Das schmeckte dem Absteiger nicht. Der HSV überzeugte in dieser Phase vor allem mit Körperlichkeit: Ihr mannorientiertes Mittelfeld zwang Düsseldorf in Zweikämpfe, meist setzten sich Gjasula und Onana durch. Monieren lässt sich, dass Hamburgs Sechser teils zu mannorientiert agierten. Düsseldorf versuchte dies auszunutzen: Immer wieder bewegten sich deren Spieler aus dem Zentrum auf den Flügel. Hamburgs Sechser verfolgten sie und entblößten dabei die Mitte. Doch Düsseldorf fehlte das fußballerische Geschick, das offene Zentrum auch zu bespielen. Das lag nicht zuletzt daran, dass Dudziak und Terodde die Passwege ins Zentrum schlossen.
Vorwerfen lassen kann sich der HSV, dass er in der zweiten Halbzeit nur einen einzigen Konter zu Ende spielen konnte. Dieser führte zum 2:0 (60.). Die tiefe Positionierung des Mittelfelds sorgte dafür, dass die Hamburger zu lange zum Nachrücken benötigten. Düsseldorf konnte die meisten Konterversuche der Hamburger abwürgen.
Trotzdem dominierten die Hamburger das Geschehen. Bis zur 75. Minute gab Düsseldorf gerade einmal fünf Schüsse ab. Bedenklich ist hingegen, dass in der Schlussviertelstunde sieben Schüsse dazu kamen. Düsseldorfs Versuche, mit dem Mut der Verzweiflung den Ball in den Strafraum zu bringen, fruchteten: Sie waren in der Schlussviertelstunde gefährlicher als in den 75 Minuten davor. Dem HSV mangelte es vor allem an der offensiven Entlastung, während defensiv immer mal wieder Hereingaben durchrutschten. Souverän geht anders.

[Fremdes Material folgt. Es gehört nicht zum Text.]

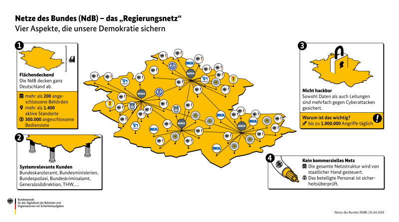 Die „Netze des Bundes“ sind ein gemeinsames Kommunikationsnetzwerk der Bundesregierung und öffentlichen Verwaltung. Sie verbinden Bundesministerien, Behörden und Einrichtungen miteinander und ermöglichen den Austausch von Daten, Sprache und Video in einem geschützten digitalen Raum. Rund 220 Bundesbehörden und Übergänge zu Netzwerken auf Länder‑ und Kommunalebene sind daran angeschlossen, über 300.000 Anwender nutzen diese Infrastruktur.

Verdient war der Erfolg am Ende trotz des späten 1:2-Anschlusstreffers (92.). Der HSV hatte über weite Strecken das Spiel im Griff. Fragen bleiben dennoch. So wirkte Lukas Hinterseer nach seiner Einwechslung im Sturm reichlich verloren. Aaron Hunt saß wiederum neunzig Minuten auf der Bank. Es stellt sich die Frage, ob und, falls ja, wie er in das schnellere, körperbetonte Spiel unter Thioune integriert werden kann. Die Neulinge Onana und Doppel-Torschütze Terodde wiederum setzten ihre erste Duftmarke und zeigten: Auch in der Saison 2020/21 wird mit dem HSV zu rechnen sein.